Once there was no hot water, she became angry. But you cannot be angry at water. It is impossible. The water will not receive your anger. It is incapable.
When an apple is dropped by a tree and hits you on the head, it is a cause for laughter.
When an apple is dropped by a person and hits you on the head, it is a cause for punishment.
So the anger- which belongs entirely to her, was created BY her- ignored by the water, must find a new target. "Logic" provides that if the water is not hot, then the gas must be off. This is not the fault of someTHING, but someONE! NOW the anger can flow! Now it can be accepted!
So not only is she mad over the temperature, she is now mad about the bill, about the payer, and about the gas. The whole shower is ruined and at no fault of her own! Be mad about that too!
Of course, there was hot water the whole time. Which just drives the point even harder.
Expectations creat frustrations.
When you expect something, you have already set yourself up for failure. It will be a miracle if you can go on expecting, and never find frustration. If she had gone into that bathroom with no expectations this problem would not have been. The water was not the problem.
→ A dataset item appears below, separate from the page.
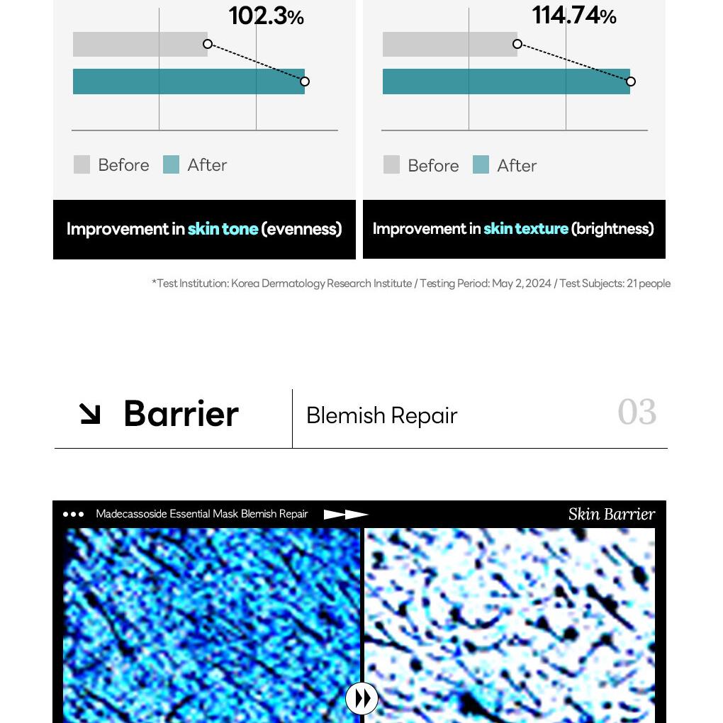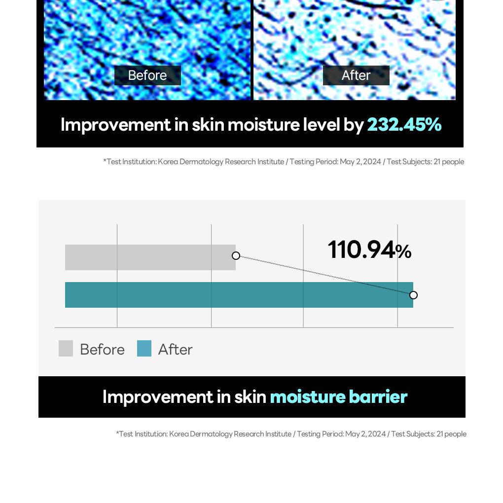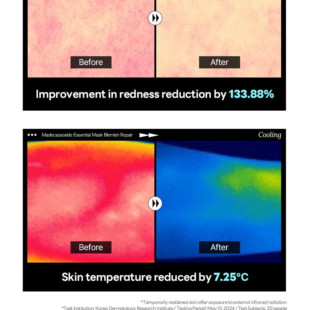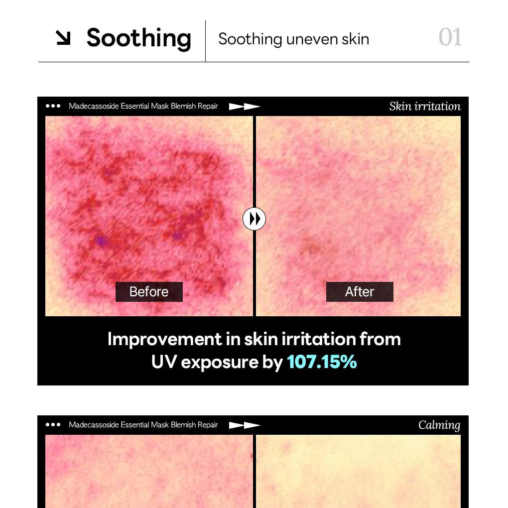Provides soothing of red skin, reduces skin temperature, improves melanin area, skin tone, skin moisture content, moisture barrier, and skin texture.

You can demonstrate this to yourself with a barking dog. After every bark, tell yourself "the dog will not bark anymore. it is done." When the dog barks again, you can feel the disappointment. Tell yourself again it was the last bark, and again you will be disappointed. You will become increasingly frustrated with every bark. Instead of a noise, the barking is now a taunt. It's as if the dog is doing it on purpose just to annoy you.
But this is the way people live every day. This is acceptable. It is acceptable to base the expectations of today on the outcomes of yesterday. "My car ran fine yesterday, it will not break down today," "I had a job yesterday, I cannot be fired today," "I had hot water yesterday, it will be hot again today."
This is called optimism.
Also, these expectations come in another flavor: "My car broke down yesterday, it will probably happen again today," "I didn't get a job yesterday, I can't get one today," "There was no hot water yesterday, I bet it's out again today."
This is called pessimism.
So you see, optimism, pessimism... They're really the same thing. They're both forms of expecting. It's like seeing Heads or Tails, but being blind to the quarter. It doesn't really matter which side it lands on, because it will still be a quarter. Likewise, it doesn't matter if you're a "positive thinker" or a "negative nancy," you will still be creating expectations. You will still be creating problems.